*** Block opens ***

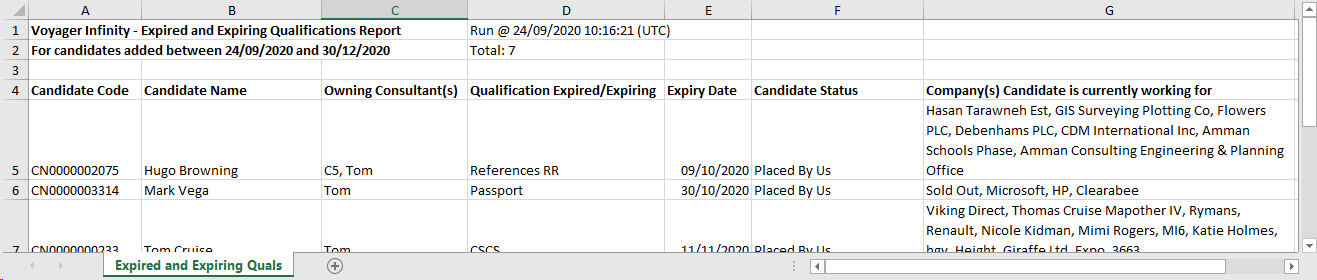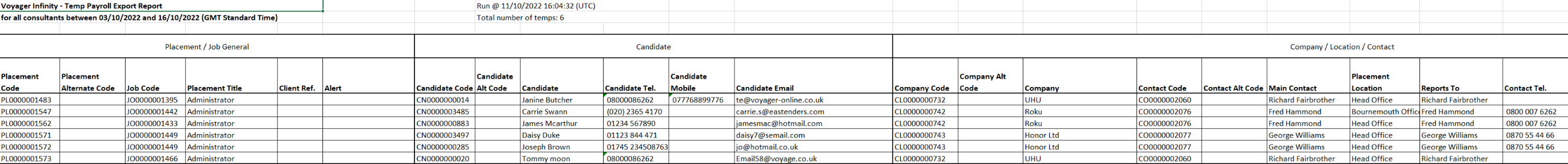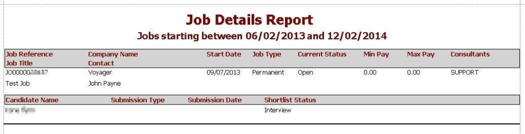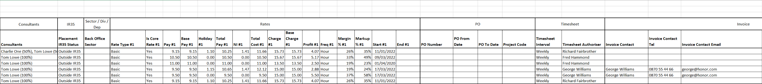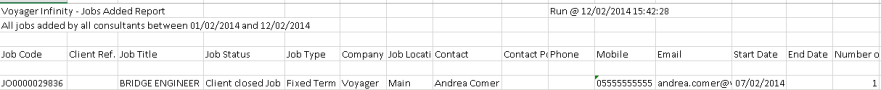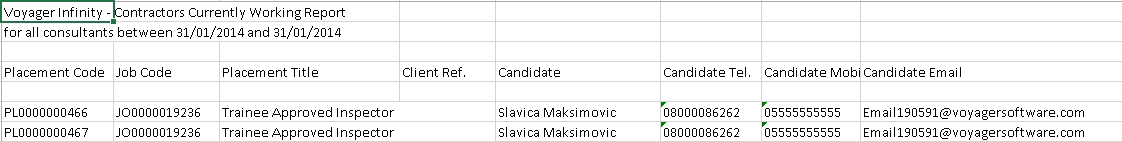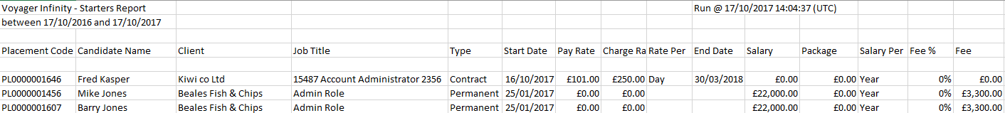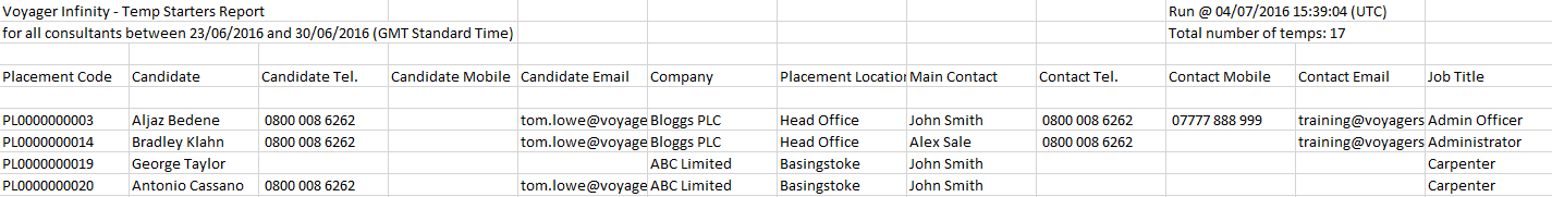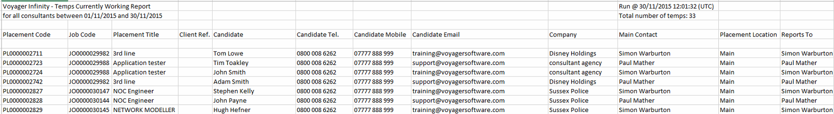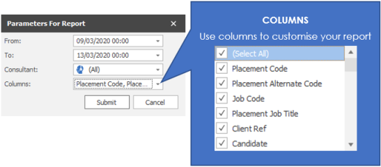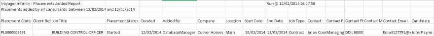 (includes Contract and FIxed Term placements) Parameters available – From and To dates, Exclude Perm tick box
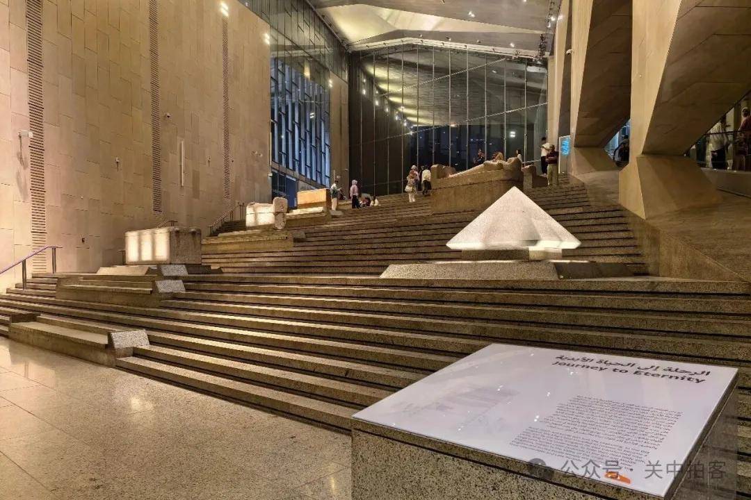 在大埃及博物馆内,有一座大楼梯,长达64米,高度24米。这里陈列着历代的法老雕像和各类石刻,分为王室形象、神圣殿堂、神灵与王、永生之旅四个主题。形成一条历史文化长廊,构成博物馆的中轴灵魂——
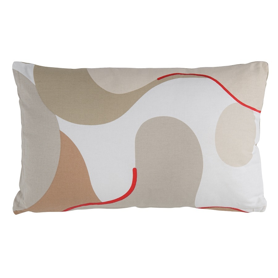 "Подушка декоративная из хлопка бежевого цвета с авторским принтом из коллекции Freak Fruit дополнит любой современный интерьер. Абстрактный принт не имеет повторяющегося раппорта и представляет собой единую законченную картину.
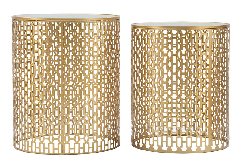 Oblin Ø41x50-37,5x47 cm Couple Tables en Fer MDF et Verre Doré
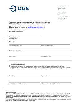 • A PRISMA Shipper Admin must first request the assignment of the new user to OGE via PRISMA.
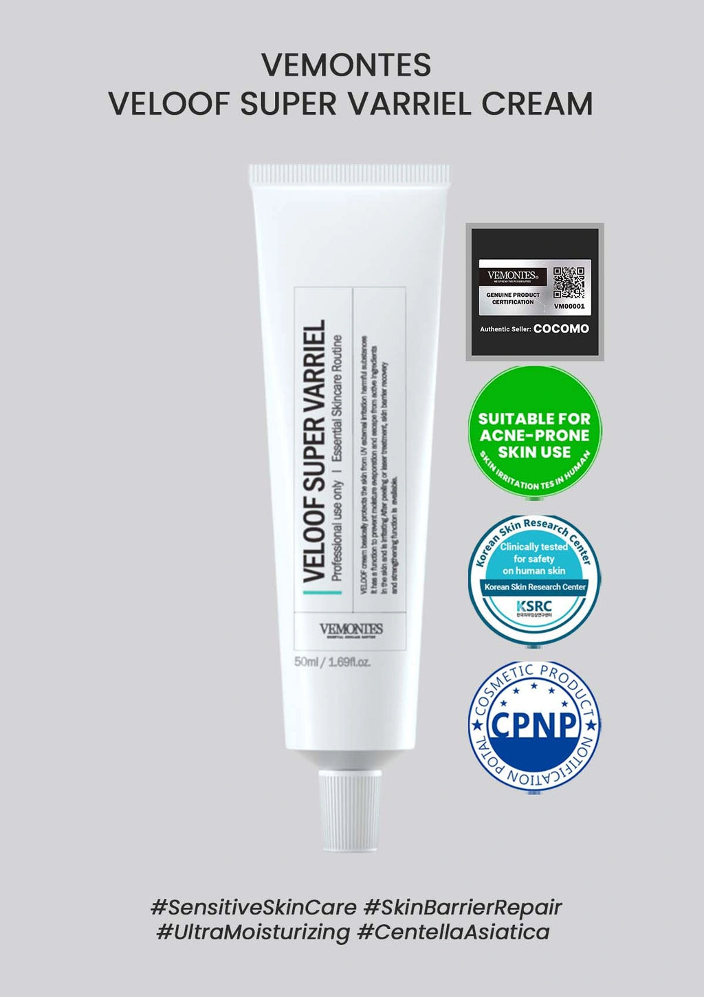 Vemontes Veloof Super Varriel Cream is an intensive regenerating cream designed to repair, protect, and strengthen the skin’s natural barrier. Formulated with 470,000 ppm of Centella Asiatica Extract as its base instead of purified water, it delivers powerful soothing, deep hydration, and recovery to stressed, sensitive, or post-procedure skin.
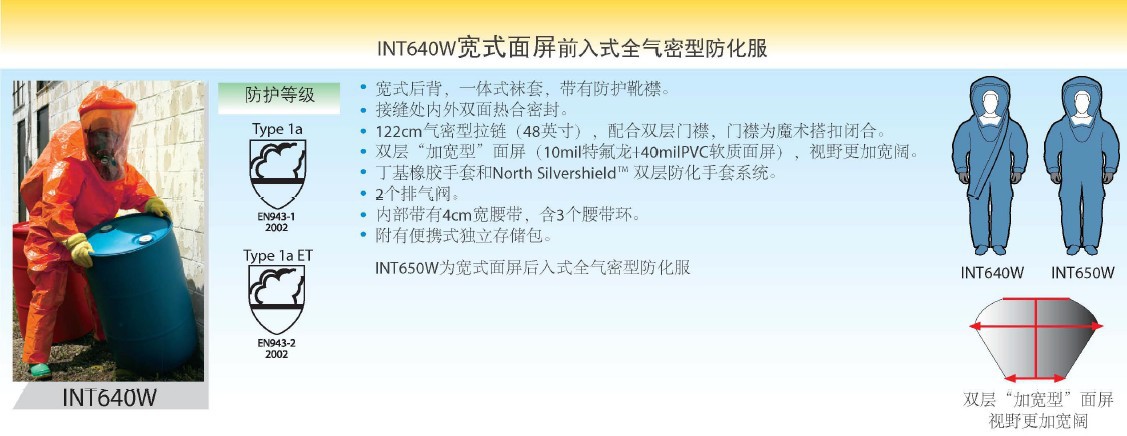 | 雷克兰INT640W宽式面屏前入式全密闭气密型防化服A级气密型防化服 | |||
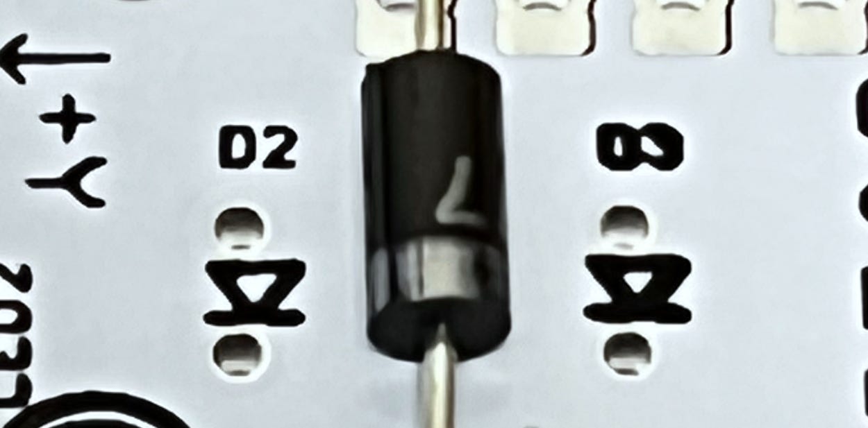 The good old 1N5817 is put into service here. Source: Github.com

*** Block closes ***

### What is being asked
Copy out the lines above unchanged. Skip the images.

### Solution
 (includes Contract and FIxed Term placements) Parameters available – From and To dates, Exclude Perm tick box
 在大埃及博物馆内,有一座大楼梯,长达64米,高度24米。这里陈列着历代的法老雕像和各类石刻,分为王室形象、神圣殿堂、神灵与王、永生之旅四个主题。形成一条历史文化长廊,构成博物馆的中轴灵魂——
 "Подушка декоративная из хлопка бежевого цвета с авторским принтом из коллекции Freak Fruit дополнит любой современный интерьер. Абстрактный принт не имеет повторяющегося раппорта и представляет собой единую законченную картину.
 Oblin Ø41x50-37,5x47 cm Couple Tables en Fer MDF et Verre Doré
 • A PRISMA Shipper Admin must first request the assignment of the new user to OGE via PRISMA.
 Vemontes Veloof Super Varriel Cream is an intensive regenerating cream designed to repair, protect, and strengthen the skin’s natural barrier. Formulated with 470,000 ppm of Centella Asiatica Extract as its base instead of purified water, it delivers powerful soothing, deep hydration, and recovery to stressed, sensitive, or post-procedure skin.
 | 雷克兰INT640W宽式面屏前入式全密闭气密型防化服A级气密型防化服 | |||
 The good old 1N5817 is put into service here. Source: Github.com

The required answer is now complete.